A hundred-year-old lime tree shades the terrace, and the tables beneath it are the most fought-over seats in the village. Le Tilleul sits just past the stone rampart gate on Place du Tilleul, where Steven Trucco cooks a Provençal carte that runs from a EUR16 plat du jour to truffle risotto and a fillet of sea bass finished like a bouillabaisse. Two-course menus start at EUR32. The Michelin Guide and Gault&Millau both list it, yet nobody books a year out. They come for lunch in the shade and a glass of Bandol rosé.
The Kitchen
Steven Trucco runs the kitchen, cooking a Provençal repertoire crossed with the Italian influence that has shaped this stretch of the Côte d'Azur for a century. The menu moves with the morning market: scallop and truffle risottos in the cooler months, roast guinea fowl supreme, and a sea bass fillet served en bouillabaisse, the saffron broth poured at the table. A short list of dishes of the day starts at EUR16, alongside set menus at EUR32 for two courses and EUR39 for three.
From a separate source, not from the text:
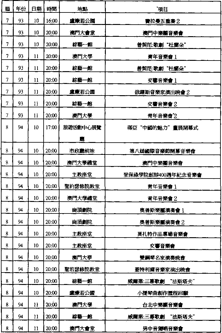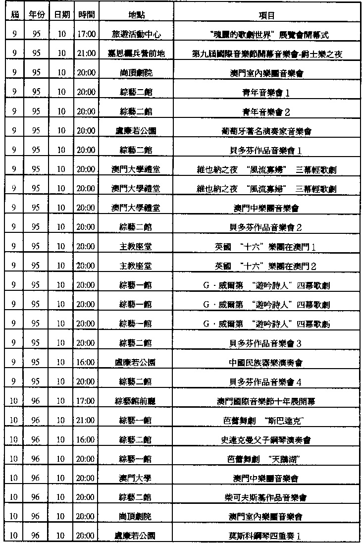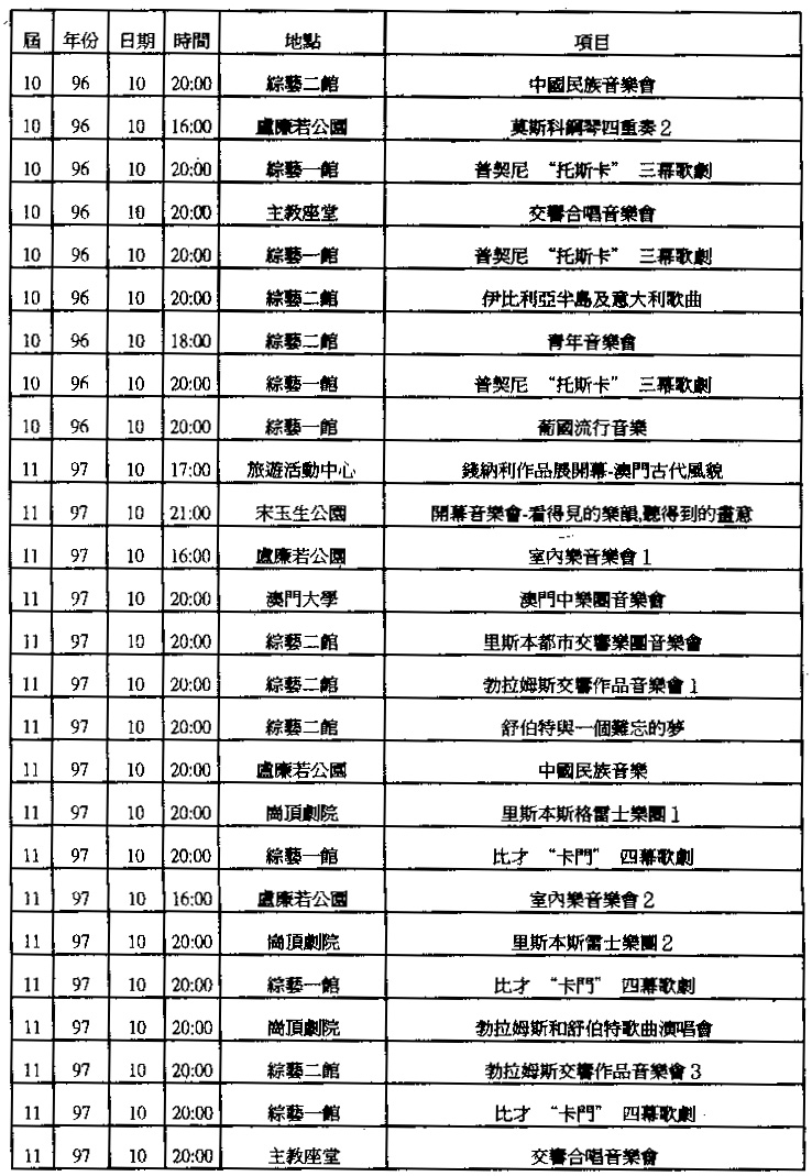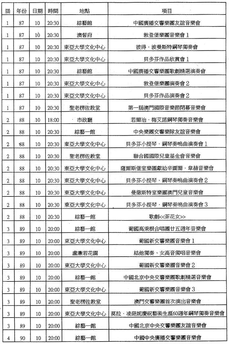 ┌──┬────────────────────┐ │次數│場地 │ ├──┼────────────────────┤ │31 │盧廉若公園 │ ├──┼────────────────────┤ │28 │東亞大學文化中心(澳門大學) │ ├──┼────────────────────┤ │22 │綜藝一館 │ ├──┼────────────────────┤ │16 │綜藝二館 │ ├──┼────────────────────┤ │7 │崗頂劇院 │ ├──┼────────────────────┤ │6 │主教座堂 │ ├──┼────────────────────┤ │5 │聖老楞佐教堂、市政廳 │ ├──┼────────────────────┤ │4 │聖若瑟修道院教堂 │ ├──┼────────────────────┤ │3 │澳門大會堂、澳門旅遊活動中心展覽廳 │ ├──┼────────────────────┤ │2 │大炮台 │ ├──┼────────────────────┤ │ │綜藝館前廳、澳督府、市政廳展覽廳、市政廳│ │ │前地、南灣海濱、大三巴牌坊、宋玉生公園 │ └──┴────────────────────┘

The cooking is gourmet bistro rather than tasting-menu theatre: classic technique, regional produce, no foam. Both the Michelin Guide and Gault&Millau list Le Tilleul, recognition that tracks consistency more than ambition. The address does real work. Le Tilleul sits on Place du Tilleul, just beyond the gate into the old town, so the terrace looks out across the valley instead of into a crowded lane. Trucco's team also runs a salon de thé between services, which keeps the terrace working from noon until dinner begins at 19:30.
The Room
The terrace is the room. Tables sit under the lime tree on Place du Tilleul, spaced generously, with the valley dropping away beyond the parapet. A small stone-walled dining room handles cooler evenings and keeps an open view of the village. Lighting is daylight by day and low and warm after dark. The sound level stays conversation-easy: this is a village square, not a packed bistro, and the loudest thing is usually the cicadas. Dress is smart-casual, leaning to holiday linen. The room seats roughly fifty across the terrace and interior, and turns gently rather than twice a night.
Best for a First Date
Book Le Tilleul for a first date because the terrace does the work before the food arrives. The lime tree and the valley view set a scene no interior can fake, the tables sit far enough apart to talk, and the EUR32 lunch menu lets you settle the cheque without a flinch on a first meeting. Come at midday for the light or at the start of dinner service for the sun going down over the hills. Order the truffle risotto to share, a bottle of Bandol rosé, and let the afternoon stretch into the tea-room hours. Ask for a table at the parapet edge when you reserve.
Not for
Skip it if you want a hushed, ambitious tasting menu. This is a market-driven Provençal bistro, and at midday in summer the terrace runs full and lively.